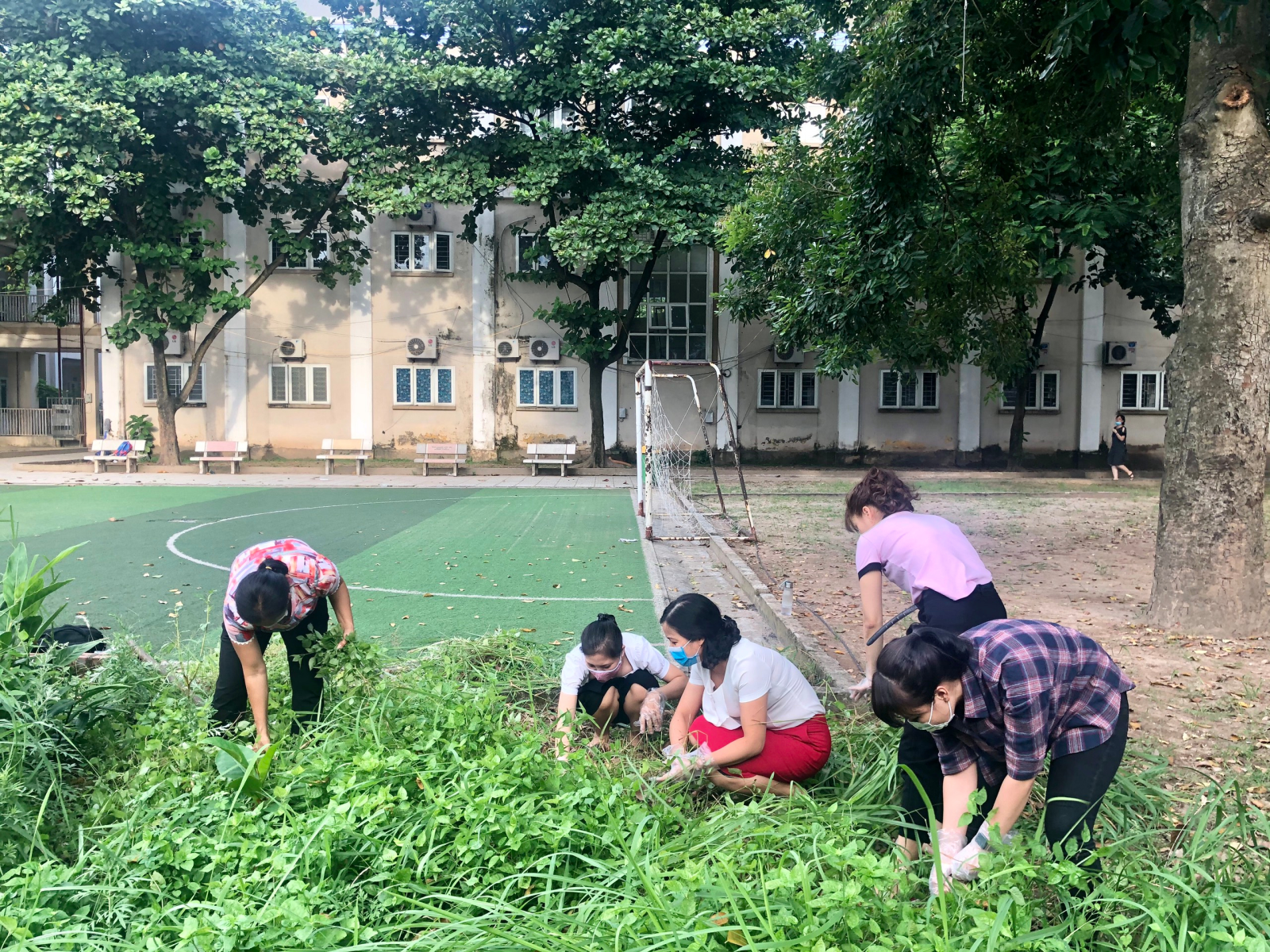 Tổ 5 nhổ cỏ, phát quang bụi rậm vườn sau trường
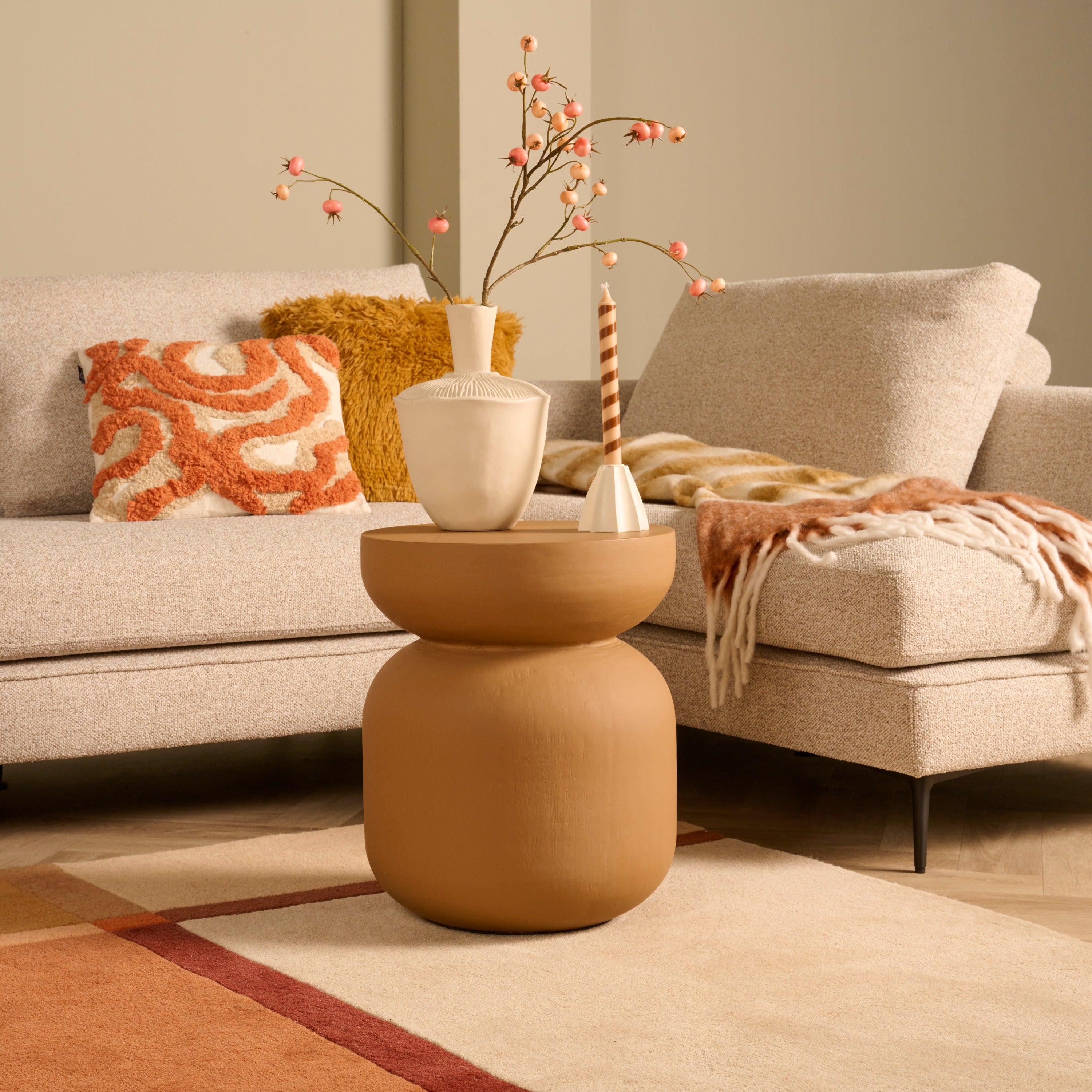Geef je ruimte een stijlvolle en flexibele update met bijzettafel Bregenz. Dankzij het strakke, pure design is deze hippe tafel een subtiele, maar krachtige toevoeging aan elke moderne inrichting. De tafel is vervaardigd uit MDF met een kalkpleister finish, wat de warme aardse bruine kleur een robuuste, gematteerde textuur geeft – een uniek tactiel detail. Bregenz is niet alleen de ideale plek voor je koffie, favoriete boek of een sfeervolle plant; door zijn handzame formaat en lichte gewicht verplaats je hem moeiteloos. Zo zet je deze blikvanger precies dáár neer waar hij op dat moment nodig is, van zithoek tot thuiskantoor. Extra informatie:- afmeting 40x50x40 cm (bxhxd)
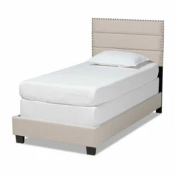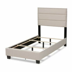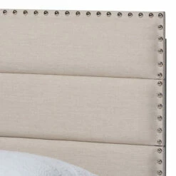 Anchor your bedroom in style and comfort with this gorgeous bed. Built with a sturdy wood frame, this piece is upholstered in a soft, foam-filled polyester fabric that provides ample comfort for you to rest against. Channel tufting adds a clean, modern look, while silver nailheads lend a touch of glamour.
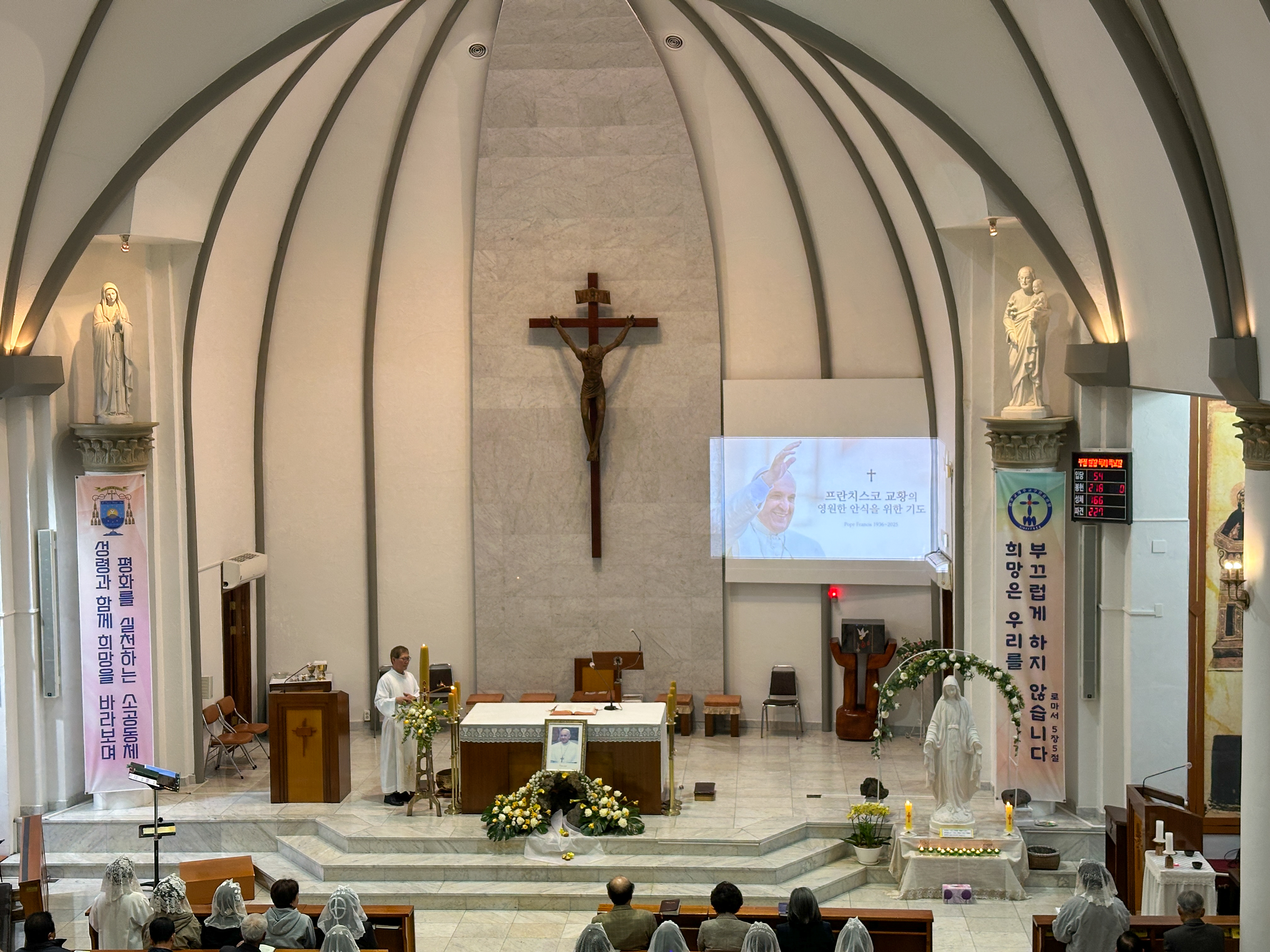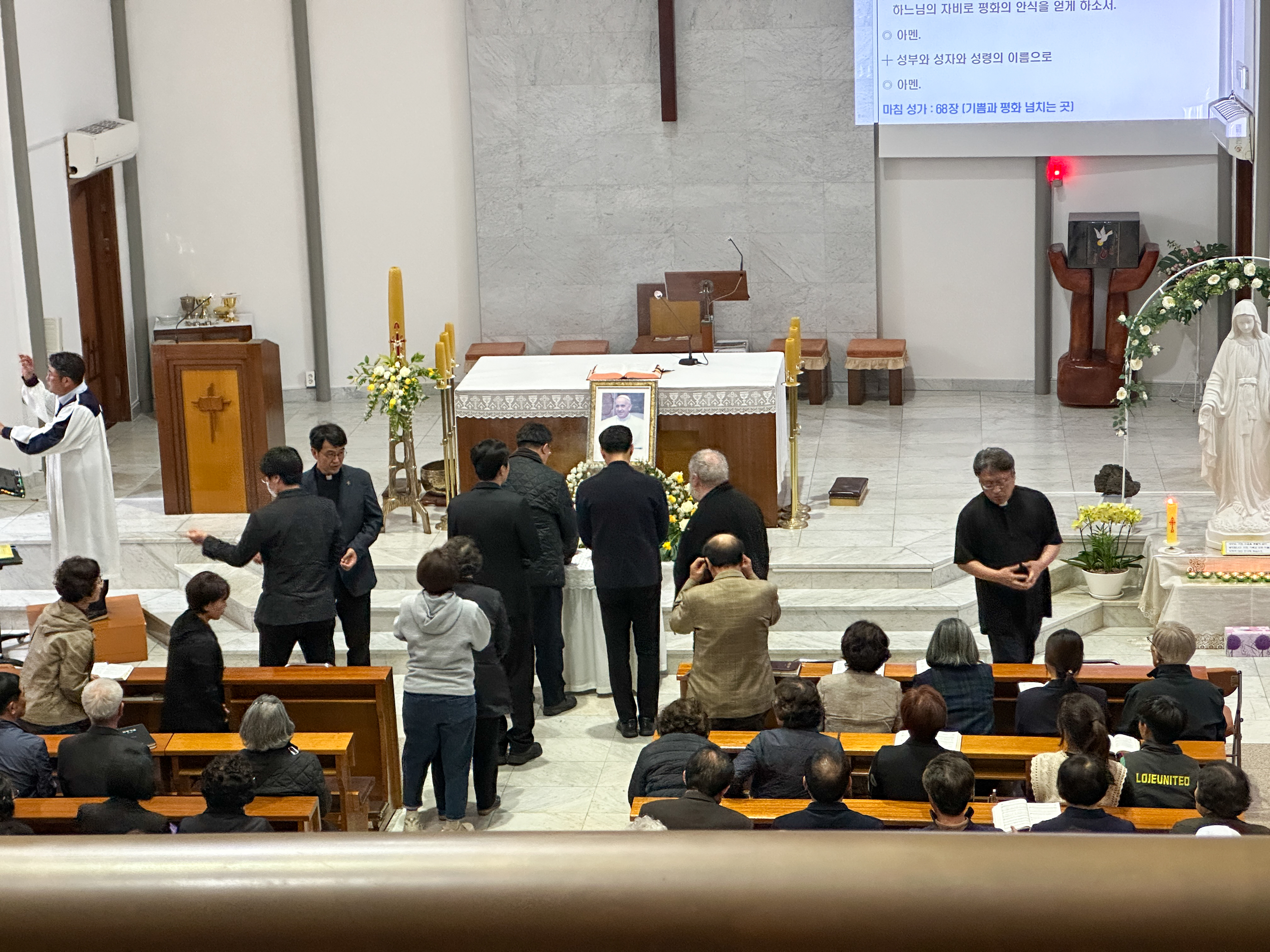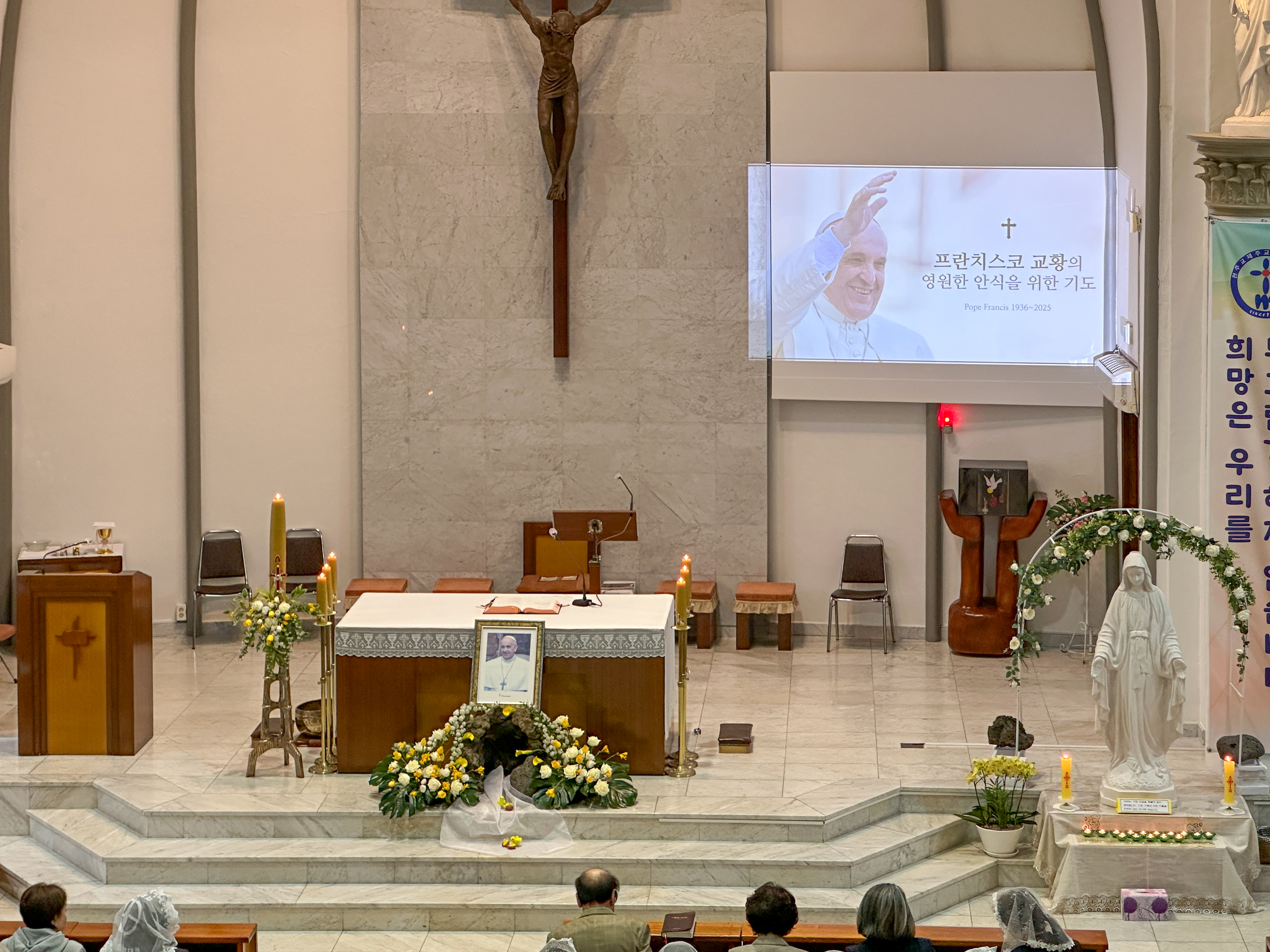 오늘 저녁 7시30분 제주교구는 지구별로 프란치스코 교황님 추모 미사를 한다.

ASSIGNMENT - Please reproduce nothing but the lines from the one containing "Anchor your bedroom" through the closing line of the listing, retyped word for word, pictures excluded.

YOUR SOLUTION -
 Anchor your bedroom in style and comfort with this gorgeous bed. Built with a sturdy wood frame, this piece is upholstered in a soft, foam-filled polyester fabric that provides ample comfort for you to rest against. Channel tufting adds a clean, modern look, while silver nailheads lend a touch of glamour.
 오늘 저녁 7시30분 제주교구는 지구별로 프란치스코 교황님 추모 미사를 한다.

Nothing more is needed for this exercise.